A venture capital infusion of $10 million or $20 million, during the late 1990s, served as a kind of pedigree. But today, entrepreneurs are equally proud of financing their start-up on their own, with credit cards and second mortgages.

“Having discipline is really important,” says Phil Sipowicz, chief executive of Everynetwork, an IT services firm in Waltham. “When you’re bootstrapped, you don’t have $20 million sitting in your bank account to wildly spend on office space or a Porsche that you want to give away to the next employee you hire. It forces you to produce for your customers.”

In any economic environment, some entrepreneurs opt to bootstrap, building on customer contracts, bank loans, or government grants. But two dynamics are combining to promote even more bootstrapping than usual.

First is the near-paralyzed state of many established Massachusetts venture firms.

“The whole industry seems to be licking its wounds right now,” says Sam Levine, chief executive of Intellireach, an e-mail management software firm in Dedham. “When we’d talk to venture capitalists and ask how many investments they made last year, there would usually be a long pause. They’ve been looking to shore up existing investments in their portfolio, and they’ve been concerned about the flight of their limited partners.” (Limited partners are the institutions, like pension funds, that supply venture capital firms with money to manage.)

Second: When venture capitalists do make an initial investment in a technology company, these days they prefer that the company is more mature.

“A typical start-up now may be a half-dozen people with a prototype or beta product, and even a few customers,” says Chip Hazard, a partner at IDG Ventures in Boston. “They’re much further along than they were in the boom, when it might’ve been two guys and a deck of slides.”

Entrepreneurs have a litany of reasons to explain why they’re eschewing venture capital.

For Brian McKernan, chief executive of Agencourt Bioscience Corp. in Beverly, one reason is excessive oversight. McKernan talked to one prospective investor who demanded he hold a board meeting every four weeks. “I said, `My God, I’m supposed to be running a company.’ Preparing for a monthly board meeting would’ve turned into a major chore.”
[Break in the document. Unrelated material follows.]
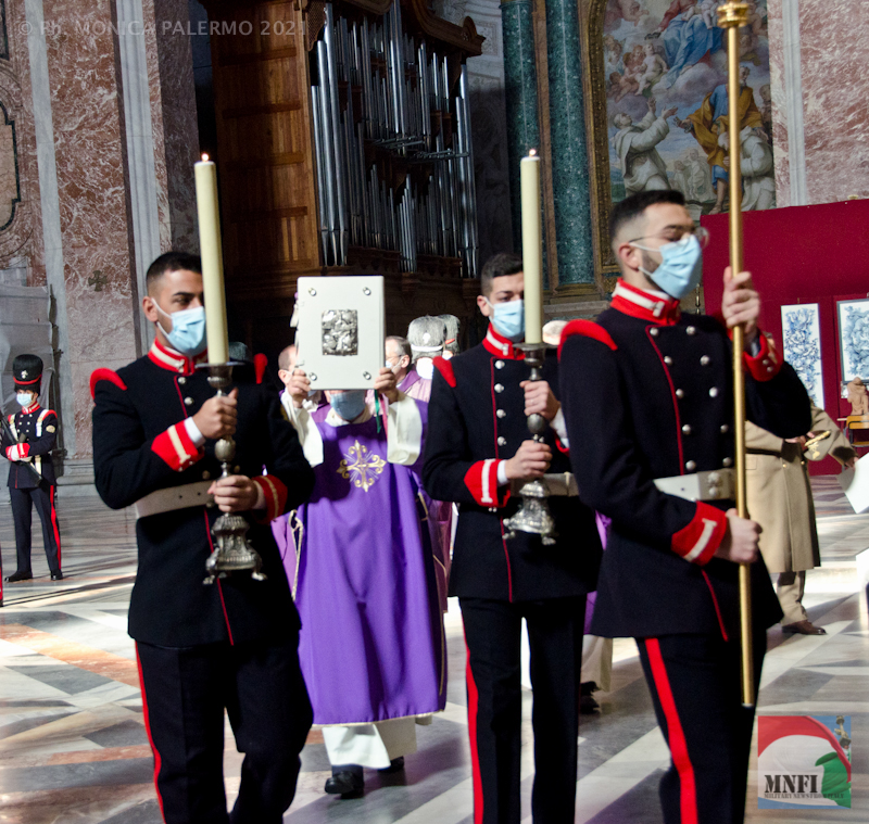 La messa è stata officiata dal vicario generale dell’ordinariato militare per l’Italia monsignor Angelo Frigerio, dal cappellano militare don Pier Luca Bancale, dal diacono Franco Tolomei, generale di cavalleria, e da don Giuseppe Ganciu, nuovo vicario episcopale per l’Esercito Italiano.

Agencourt, which sells products that help pharmaceutical companies purify DNA as part of the drug-discovery process, instead raised $5 million of individual “angel” investors and a corporate partner.

Oddly, McKernan says that many investors wanted to hand him too much money.

“Smaller deals aren’t as efficient,” for venture firms, he explains, because each portfolio company requires about the same amount of the firm’s time. “They wanted to put in 10 or 15 million, and when that kind of money’s in the bank, you tend to spend it. We just didn’t need that much.”